Introduction

This introduction addresses some of the key concepts of FaIR and how they are now implemented inside the model. For worked examples of FaIR and the energy balance model, take a look at the Examples.

FaIR produces global mean temperature projections from various forcers. Input datasets can be provided in terms of emissions, concentrations (for greenhouse gases), or effective radiative forcing. Different species can be input in different ways, if they are internally consistent and valid (e.g. if you want to provide CO2 and short-lived climate forcer emissions, with concentrations of non-CO2 greenhouse gases and prescribed forcing for volcanic and solar forcing, like the esm-hist runs of CMIP6 Earth System Models). You can provide any number of species from single-forcing runs to full climate assessments. In “full-climate” mode, the process diagram in FaIR is similar to Fig. 1.

Process diagram

Fig. 1 Simplified outline of available processes in FaIR. Some processes have been omitted for clarity.

FaIR is now a primarily object-oriented interface. The main interaction with FaIR is through the FAIR class instance:

from fair import FAIR
f = FAIR()

FAIR() contains the attributes and methods required to run the model. The energy balance climate model can also be run in standalone mode with prescribed forcing. In the rest of this introduction, f is taken to be a FAIR instance.

Typically there are two stages to a FaIR run. The first is to set up the dimensionality of the problem (define time horizon, included species and how to implement them), and the second is to fill in the data and do the run.

Dimensionality

Internally, variables in are book-kept with numpy arrays that have up to five dimensions:

[time, scenario, config, specie, box/layer]

Not all variables include all dimensions, but they are always in this order.

Parallelisation allows more than one scenario and one set of configs to be run at the same time. time is the only axis which is looped over, allowing high efficiency multiple-scenario or multiple-configuration runs to be done on the same processor (subject to available RAM and disk space).

For inputs and outputs, we use xarray, which wraps the numpy arrays with axis labels and makes model input and output a little more tractable.
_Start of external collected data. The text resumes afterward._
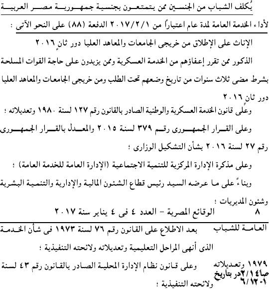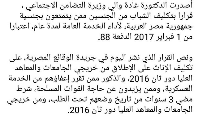 - حيث أصدرت وزيرة التضامن غادة والى قرار بتكليف الشباب من الجنسين ممن يتمتعون بالجنسية المصرية لأداء الخدمة العامة اعتبار من 1 فبراير دفعه 88
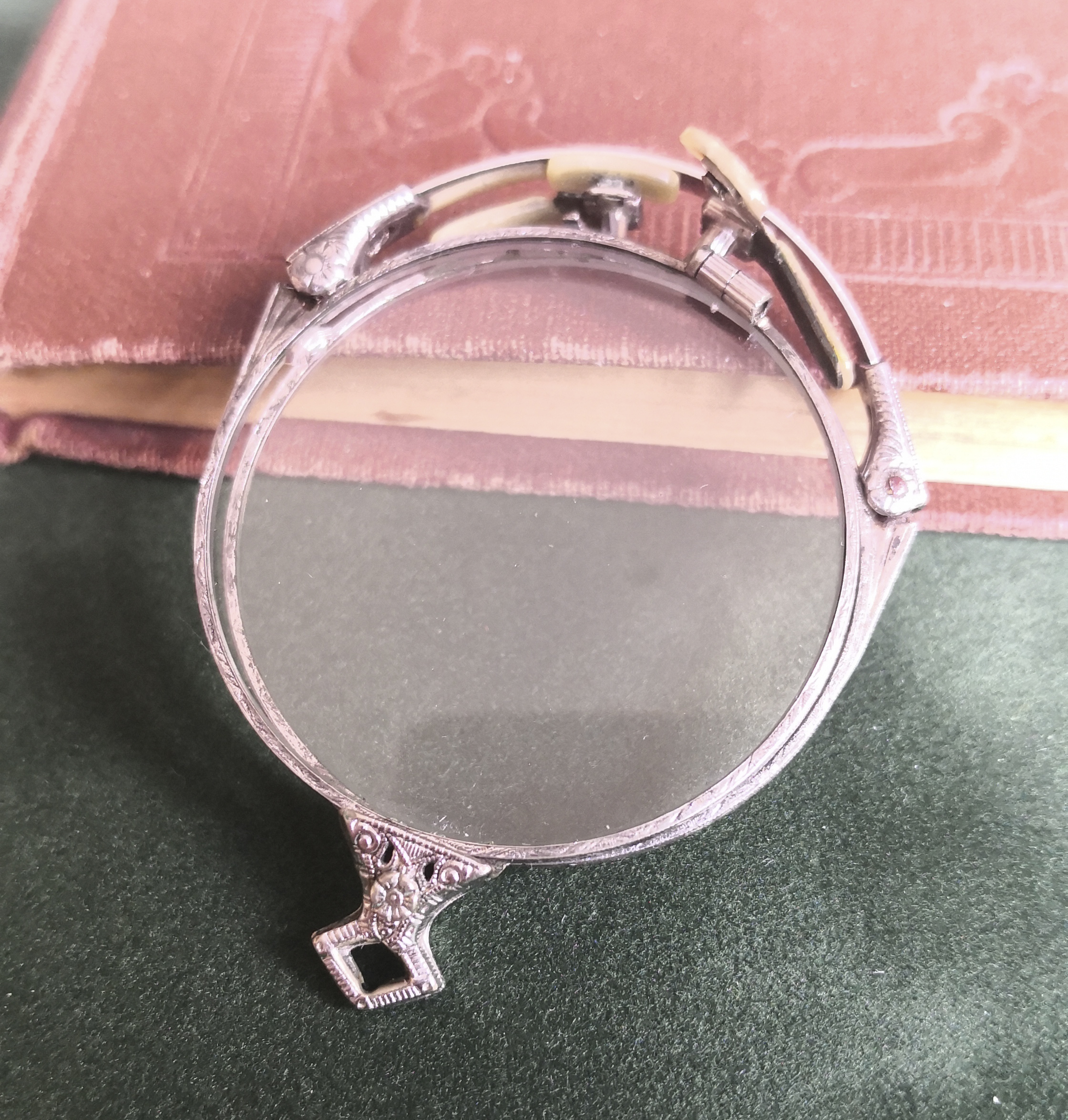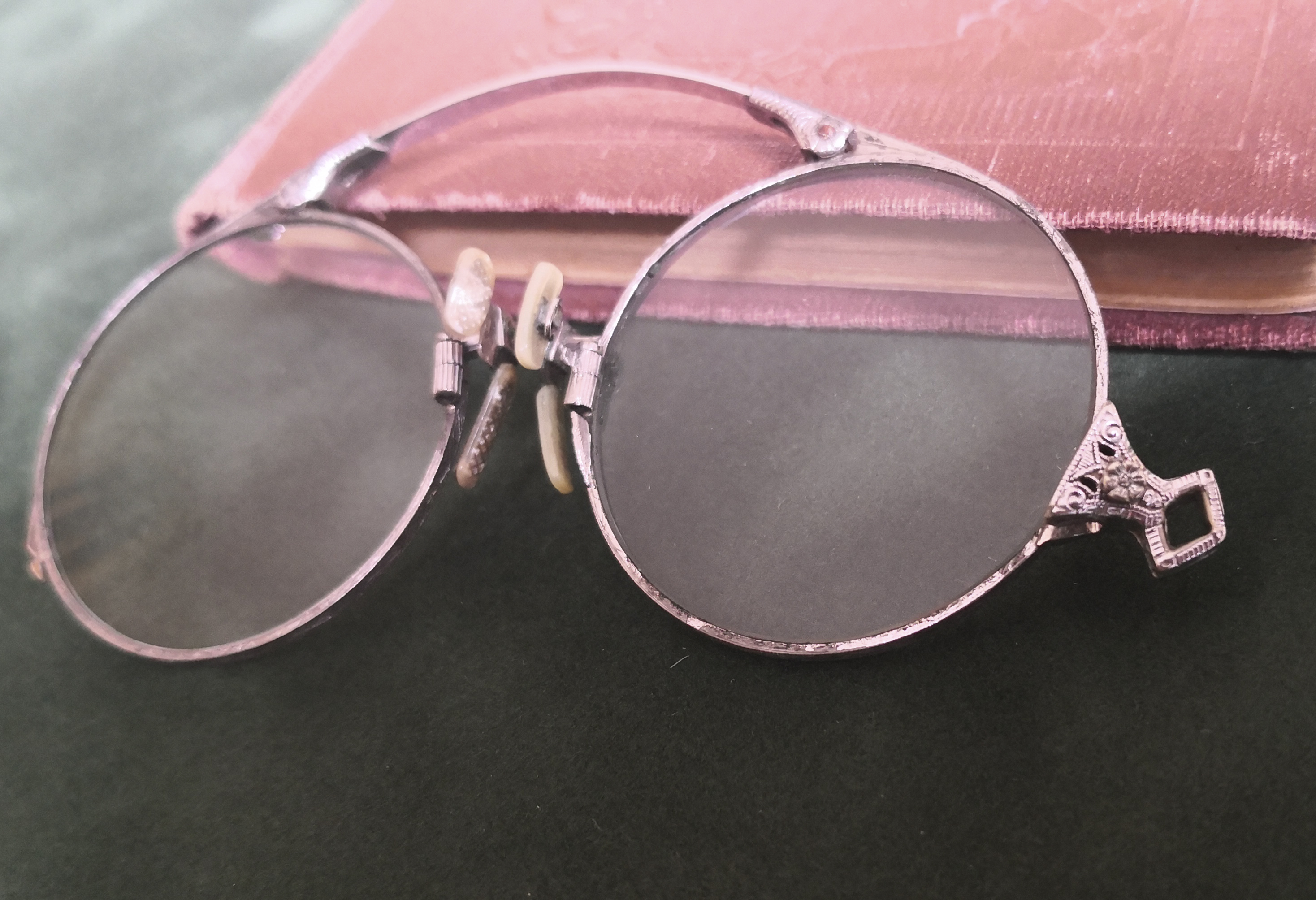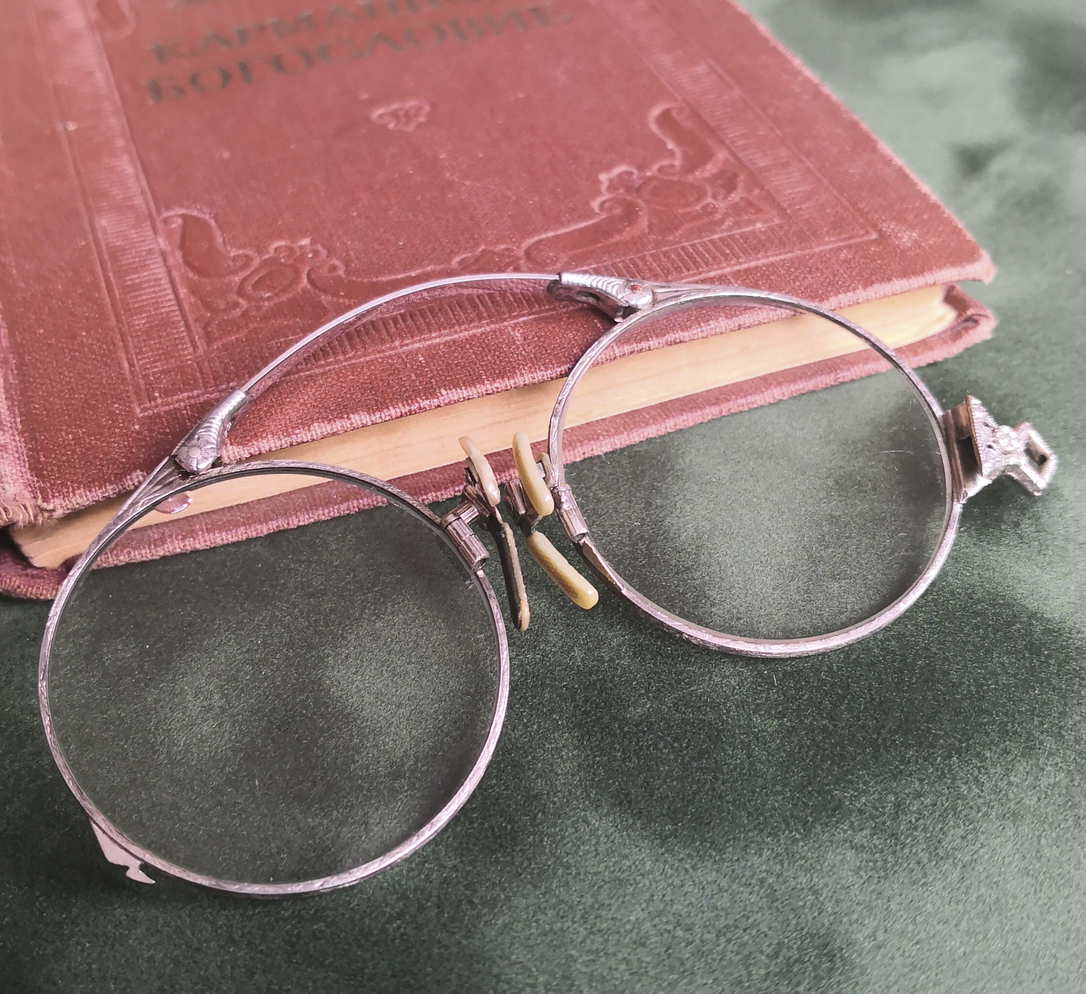 Изюминкой этой восхитительной вещицы является то, что пенсне складывается в кулон, который можно подвесить на шнурок или цепочку и носить на шее или прикрепить к карману.
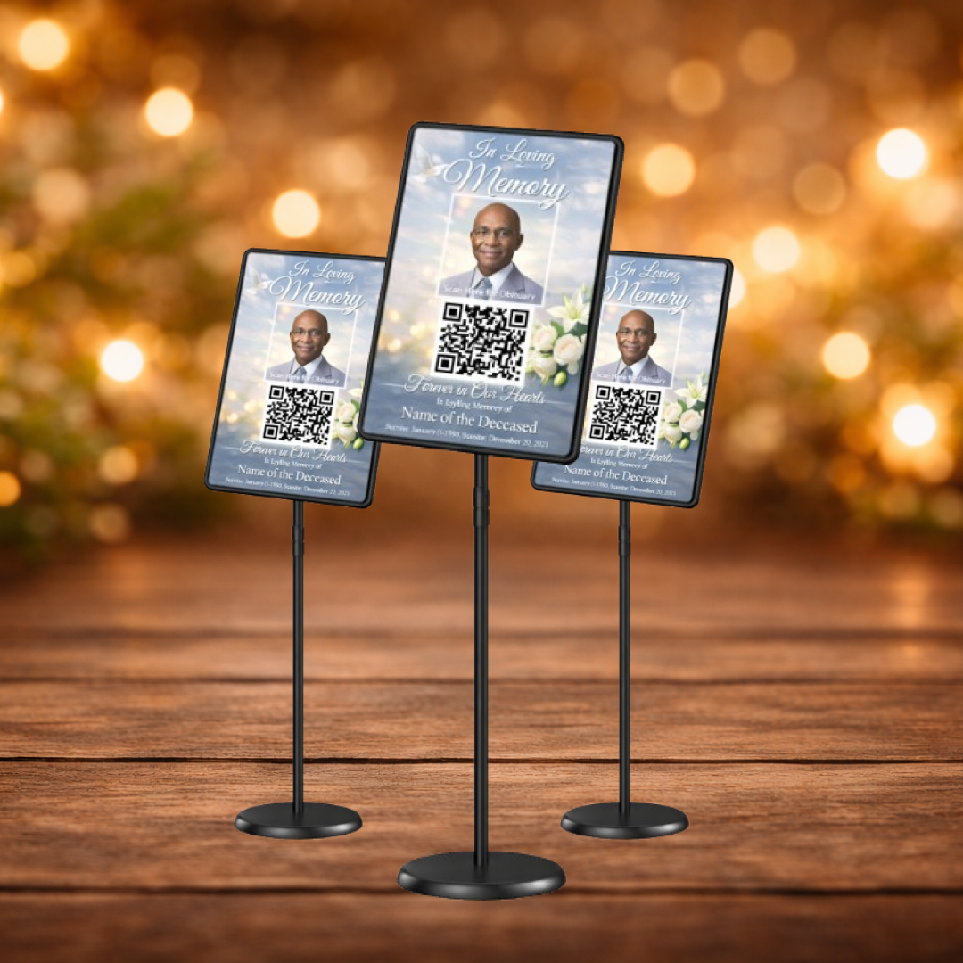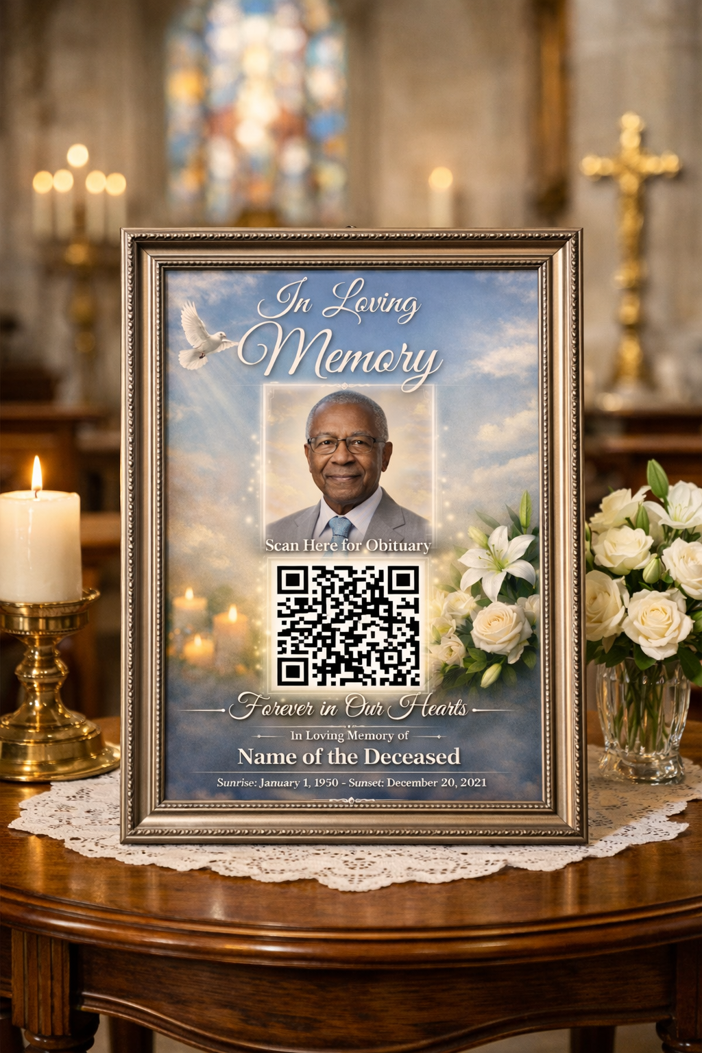 “Honor your loved one with a beautifully designed, full digital obituary. Our service includes custom 4-page or 8age obituary designs, hosted online for easy access by family and friends. Each obituary comes with a funeral flyer featuring a QR code that links to the obituary in PDF or interactive flipbook. Families can choose a free keepsake photo frame or rent a metal display stand for funeral flyer. Optional yearly hosting extensions are available to keep the memories alive. Simple, elegant, and completely digital – perfect for modern memorials.”
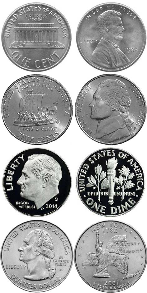 «пенни», 5 – «никл», 10 – «дайм», 25 – «квото», пятьдесят центов – «полдоллара».
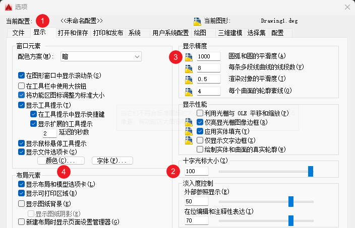 - 圆弧和圆的平滑度: “显示”选项卡 -> “显示精度”。
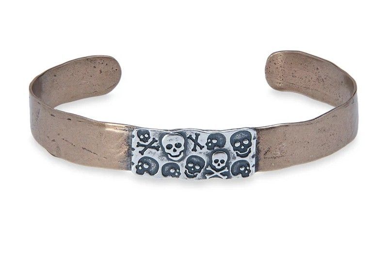 Pulsera unisex SB121X de la colección Tritón, fabricada en bronce y plata de ley 925. Diseño atrevido con calaveras y cruces de huesos, ideal para quienes buscan joyería con carácter y personalidad. Acabado mate y estilo robusto, perfecta para looks urbanos y alternativos.

Defining the dimensionality of the problem is the first step of setting up FaIR.

Time

FaIR uses two time variables to keep track of state variables: timepoints and timebounds. Only emissions are defined on timepoints, where everything else is on timebounds. As the name suggests, timebounds are on the boundary of model time steps, and timepoints are nominally at the centre of the model time step. Fig. 2 illustrates this.

Timebounds and timepoints in FaIR

Fig. 2 Timebounds (red) and timepoints (blue) in FaIR, showing associated state variables defined on each time variable. FaIR can be run with prescibed emissions (blue arrows) and/or with prescribed concentrations for greenhouse gases (green arrows).

Time is specified in years, but you are not forced to use integer years. This can be useful for coupling directly with integrated assessment model derived emissions (often 5- or 10-year timesteps) or assessing short-term responses to volcanic forcing, where sub-annual responses can be important. Fig. 3 shows the timestepping for a \(1/4\)-year timestep.

Timebounds and timepoints in FaIR on a quarter-year basis.

Fig. 3 Timebounds (red) and timepoints (blue) in FaIR using a quarter-year time step.

A FaIR ecosystem therefore contains \(n/{\delta t}\) timepoints and \(n/{\delta t} + 1\) timebounds where \({\delta t}\) is the timestep and \(n\) is the number of years.

Time is defined as so:

f.define_time(start, end, timestep)

You can label time how you wish. Common runs for climate projections will start with a pre-industrial reference year (maybe 1750 or 1850), and run to 2100 or beyond:

f.define_time(1750, 2100, 1)

Or you might want to run an idealised pulse experiment, in which case it’s less informative to assign real years and it is better to start at zero:

f.define_time(0, 1000, 1)

The simple non-integer example from Fig. 3 would thus be:

f.define_time(0, 3, 0.25)

We adopt the pandas practice of including the end point.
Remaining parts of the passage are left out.